Input data Block Start
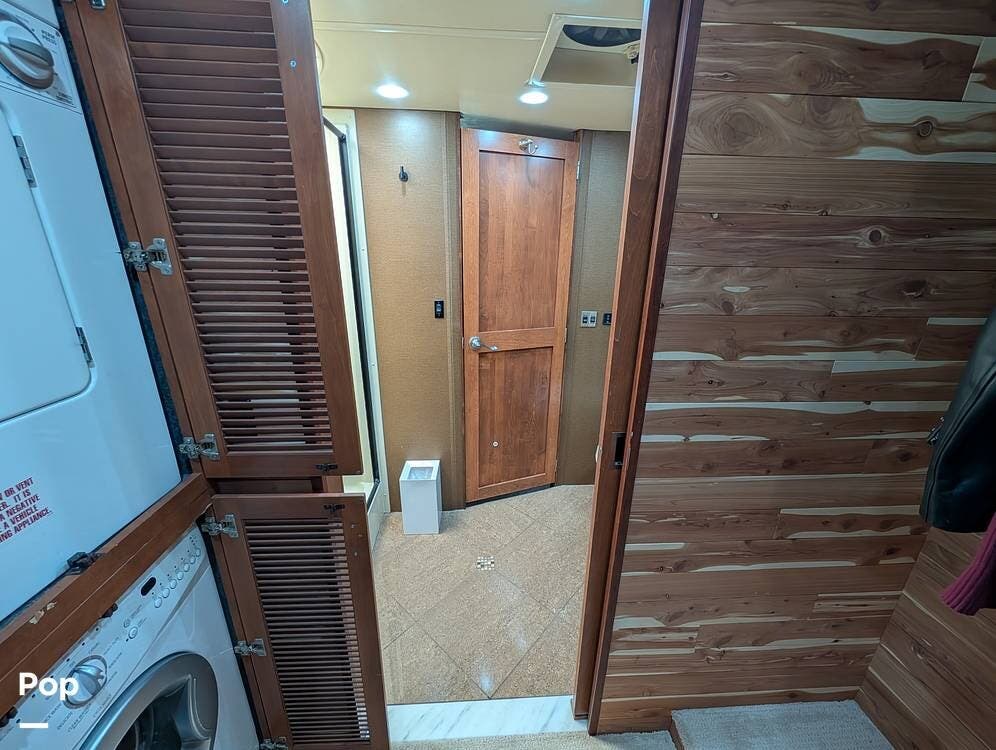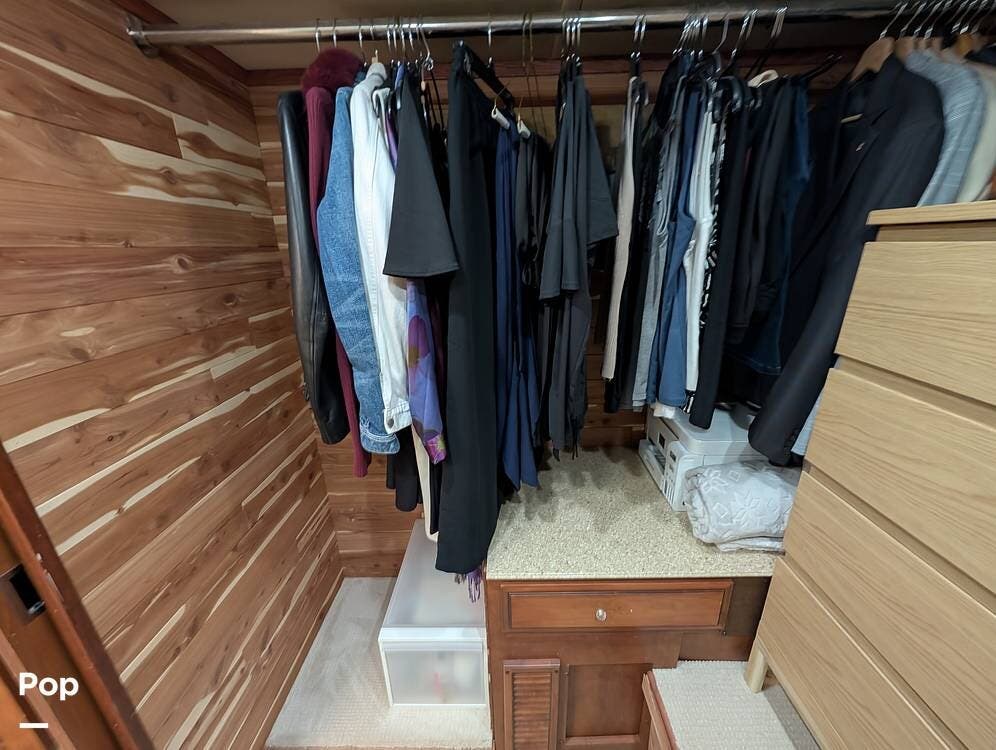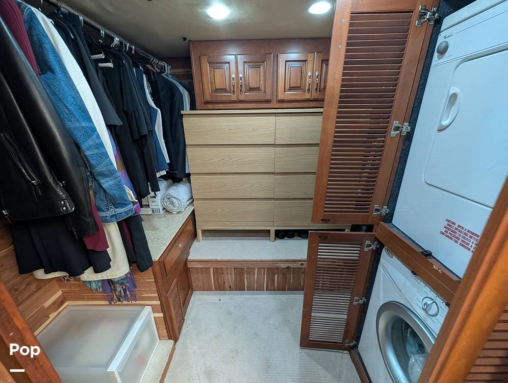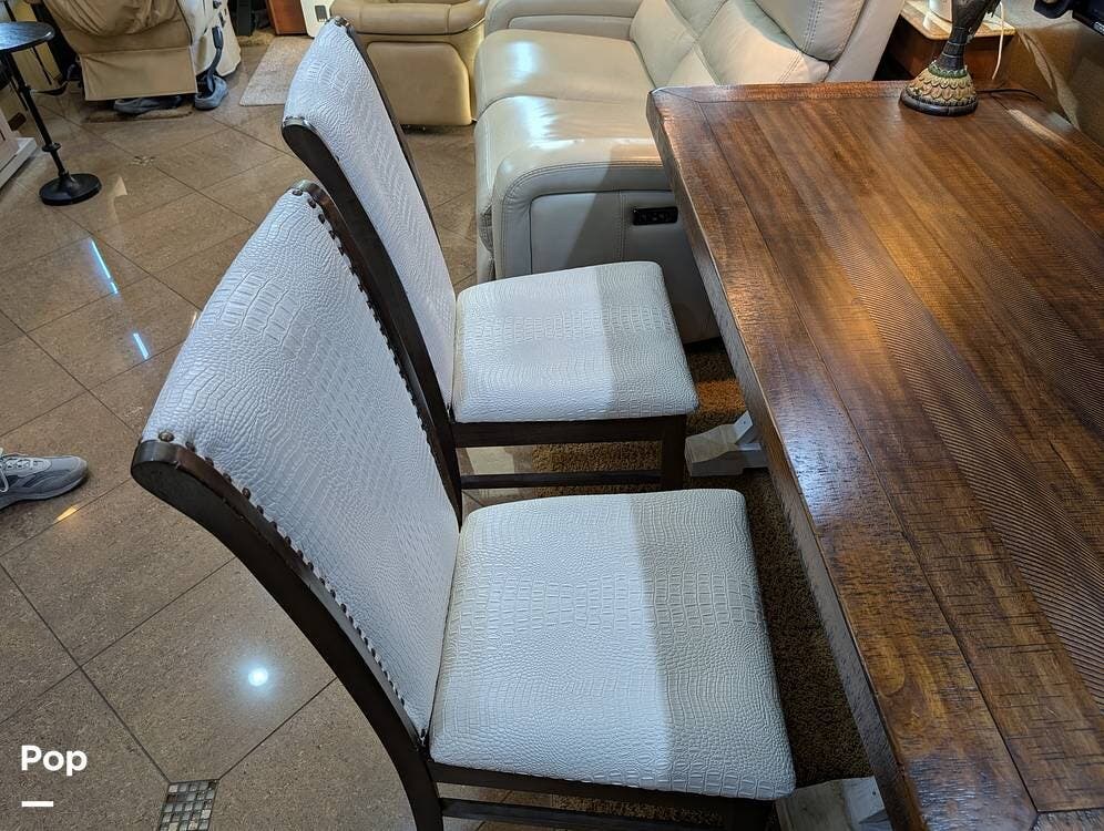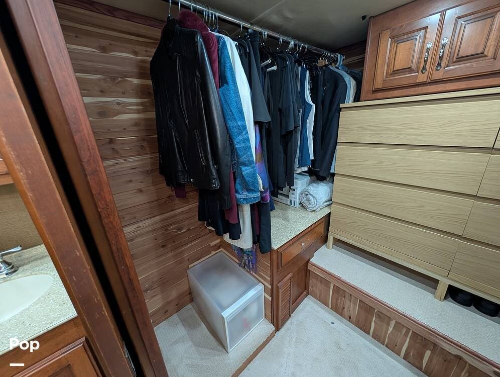 Inside, the layout has been upgraded to maximize livability and storage. A substantial kitchen enhancement features custom residential cabinetry and an expansive 77-inch countertop, providing abundant workspace and added storage capacity. The factory dinette has been removed in favor of a full-size dining table paired with high-end gator-skin chairs, creating a more open, comfortable dining area. A genuine leather power loveseat with adjustable headrest replaces standard seating, offering true residential comfort. The former bunk room has been thoughtfully converted into a spacious cedar-lined walk-in closet, complete with an in-unit washer and dryer--an exceptional feature for extended stays or full-time travel.
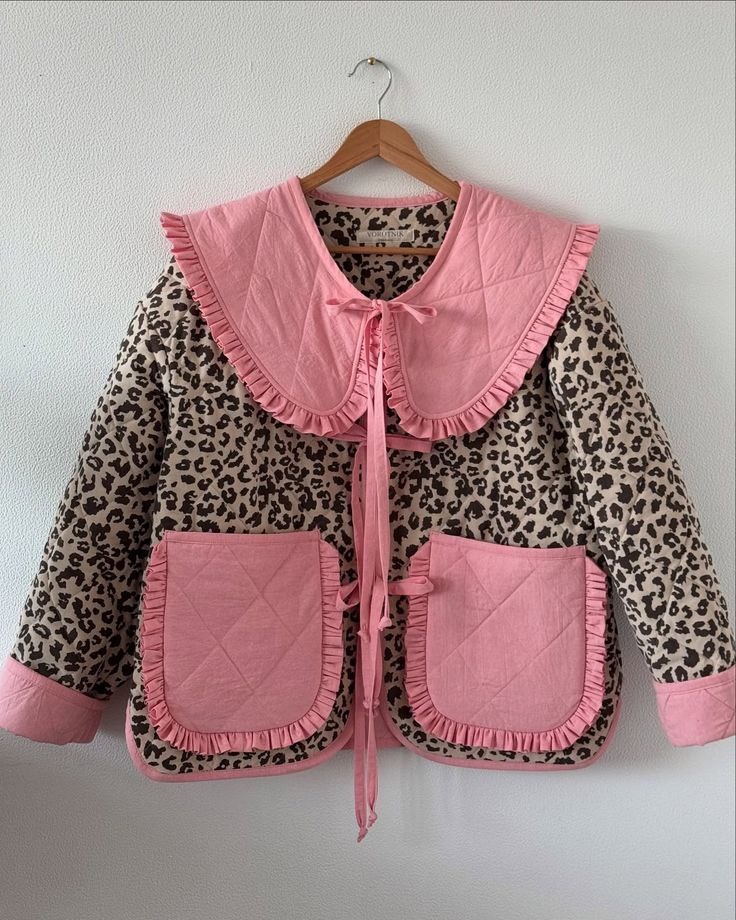 И нашла вот такие пины, и теперь очень хочется сшить для малышки, но такой яркой ткани не видела, может вы подскажите? А еще я давно сшила телогрейку из вельвета для сына, а теперь она как раз дочке, думаю, может убрать старые карманы и сшить новые с рюшами и воротник?
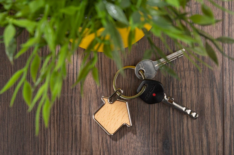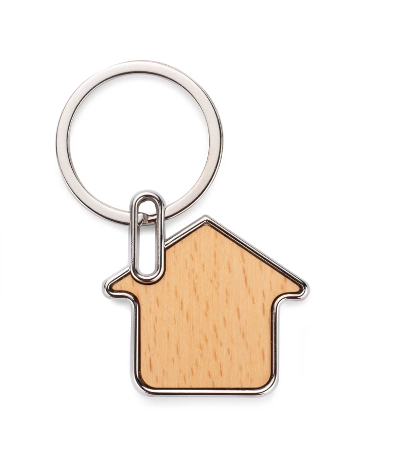 Brelok KUKA w kształcie domku, wykonany jest ze stopu cynku i drewna. Jest lekki i wygodny w użyciu. Drewniany brelok prezentuje się bardzo oryginalnie, a w połączeniu z metalem zyskuje elegancję. Pakowany w brązową, papierową kopertę
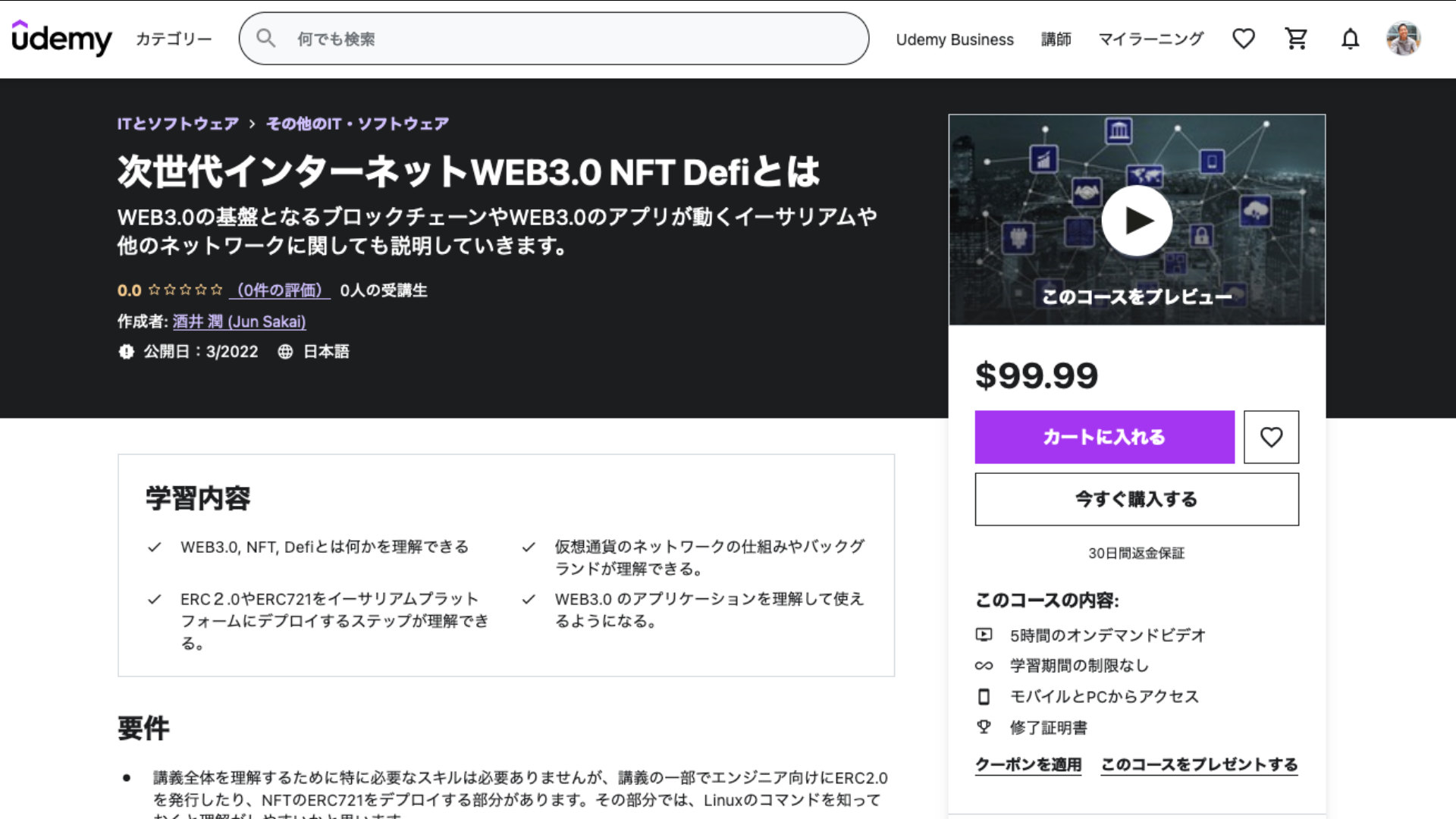 本コースでは、ビジネスパーソン向けにWEB3.0とは何か、またNFTやDeFiの理解ができるようなコースとなっております。主にビジネスパーソン向けへのスライドでの説明ですが、エンジニア向けにもERC20のトークンを発行したり、ERC721のNFTトークンをデプロイする手順を紹介する内容も入れおりますので、エンジニアの方にも楽しんでもらえるのではないかと自負しております。
Input data Block End
Activity =>
Your copy should hold exactly the lines from the one that contains "И нашла вот" through the final line of the data, both ends included, and no pictures.

Solution to the exercise =>
 И нашла вот такие пины, и теперь очень хочется сшить для малышки, но такой яркой ткани не видела, может вы подскажите? А еще я давно сшила телогрейку из вельвета для сына, а теперь она как раз дочке, думаю, может убрать старые карманы и сшить новые с рюшами и воротник?
 Brelok KUKA w kształcie domku, wykonany jest ze stopu cynku i drewna. Jest lekki i wygodny w użyciu. Drewniany brelok prezentuje się bardzo oryginalnie, a w połączeniu z metalem zyskuje elegancję. Pakowany w brązową, papierową kopertę
 本コースでは、ビジネスパーソン向けにWEB3.0とは何か、またNFTやDeFiの理解ができるようなコースとなっております。主にビジネスパーソン向けへのスライドでの説明ですが、エンジニア向けにもERC20のトークンを発行したり、ERC721のNFTトークンをデプロイする手順を紹介する内容も入れおりますので、エンジニアの方にも楽しんでもらえるのではないかと自負しております。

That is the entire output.